1. slice_file_name: name of the audio file
1. fsID: FreesoundID of the recording where the excerpt is taken from
1. start: start time of the slice
1. end: end time of the slice
1. salience: salience rating of the sound. 1 = foreground, 2 = background
1. fold: The fold number (1–10) to which this file has been allocated
1. classID:
0 = air_conditioner
1 = car_horn
2 = children_playing
3 = dog_bark
4 = drilling
5 = engine_idling
6 = gun_shot
7 = jackhammer
8 = siren
9 = street_music
1. class: class name

### The audio data has been already sliced and excerpted and even allocated to 10 different folds. Some of the excerpts are from the same original file but different slice. If one slice from a certain recording was in training data, and a different slice from the same recording was in test data, this might increase the accuracy of a final model falsely. Thanks to the original research, this has also been taken care of by allocating slices into folds such that all slices originating from the same Freesound recording go into the same fold.

In [None]:
# Lets look at class distribution of each fold
appended = []
for i in range(1,11):
    appended.append(data[data.fold == i]['class'].value_counts())
    
class_distribution = pd.DataFrame(appended)
class_distribution = class_distribution.reset_index()
class_distribution['index'] = ["fold"+str(x) for x in range(1,11)]
class_distribution

In [None]:
#dataset is not perfectly balanced
data['class'].value_counts(normalize=True)

### We can see that Car Horn and Gun Shot class is unbalanced, for now we are not going to do any augmentation

# We can use Librosa Python Library for extracting features

Librosa library can read audio files and convert them to there amplitude values for each sample of audio. 
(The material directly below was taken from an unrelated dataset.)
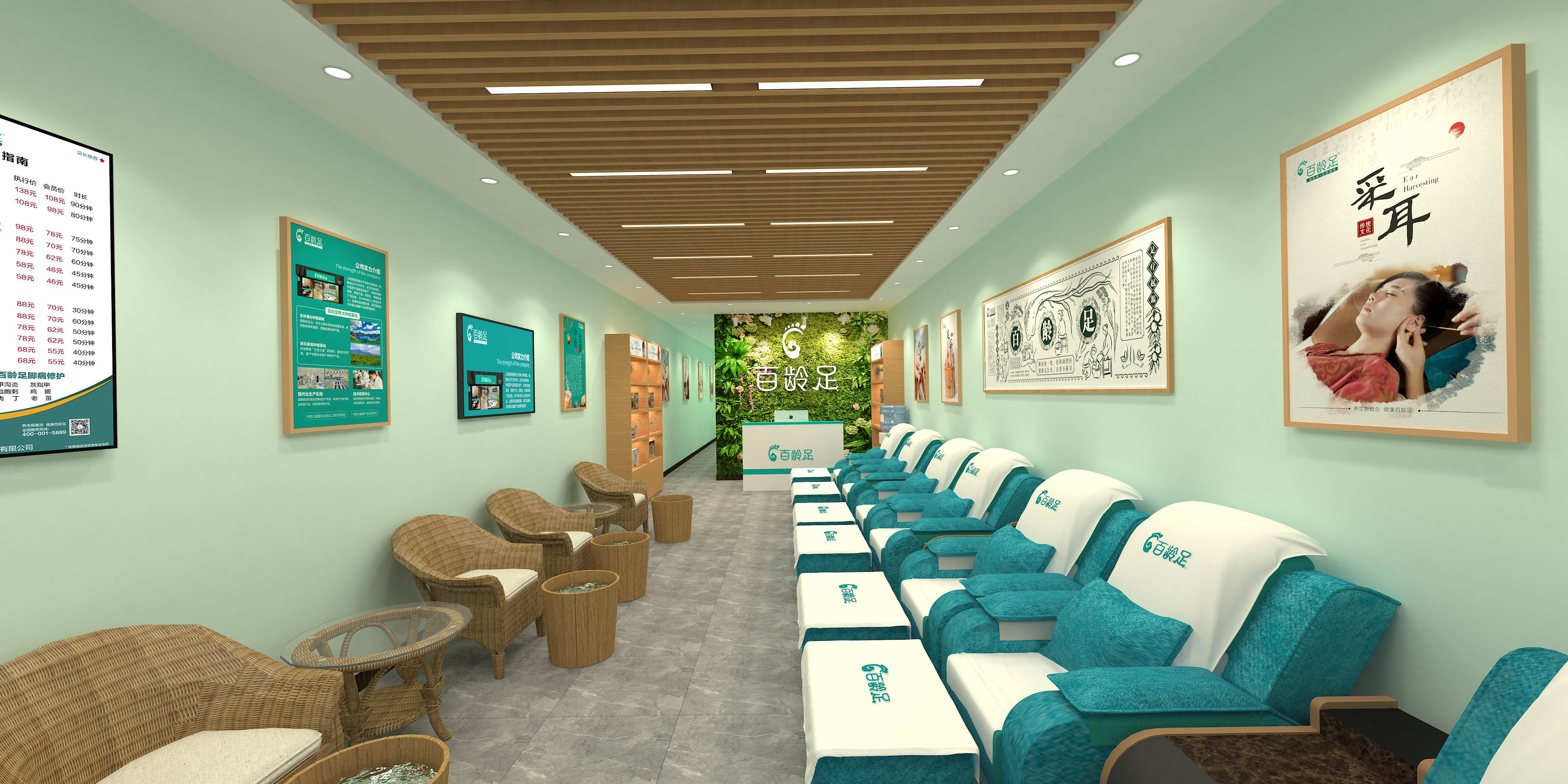 百龄足养生门店装修,以象征健康的绿色为主色调,以墙绘上的养生场景为主题墙面,寓意中国百龄足是以传统技术手法提供养生服务,是一种传统养生的传承及沿袭,同时生活化的养生场景,让养生在人们的心目中不再只是高大上的贵族享受,而是一种亲和,亲民又健康的现代化大众化服务,也展现了百龄足的社区服务理念。在装修层面,在屏风,货柜等方面,采用古典的的原木色,搭配健康舒适绿色的沙发椅,一派古色古香的清新气色。

Let us say there is an audio file of 4s and sampling rate of audio file is 22050 Hz. This means that audio file is made using amplitude samples such that 22050 samples of amplitudes are recorded in each second. Hence a 4s audio file with sampling rate 22050 can be expressed as an array of 4*22050=88200 size


## Model 1: With MFCC features

In [None]:
from pip._internal import main
main(["install","progressbar"])

In [None]:
#import python script to import audio files

from shutil import copyfile
copyfile(src = "../input/urbansound8k-import-data/import_data.py", dst = "../working/import_data.py")

In [None]:
# Importing required Library

import progressbar
import time
import os
import struct
import matplotlib.pyplot as plt
import IPython.display as ipd
import pandas as pd
import numpy as np
import librosa # for sound processing.
import import_data as dc # a local module

In [None]:
dataset = np.zeros(shape = (data.shape[0],2),dtype = object)
dataset.shape

## Extracting Feature

In [None]:

bar = progressbar.ProgressBar(maxval=data.shape[0], widgets=[progressbar.Bar('$', '||', '||'), ' ', progressbar.Percentage()])
bar.start()
for i in range(data.shape[0]):
    
    fullpath, class_id = dc.path_class(data,data.slice_file_name[i])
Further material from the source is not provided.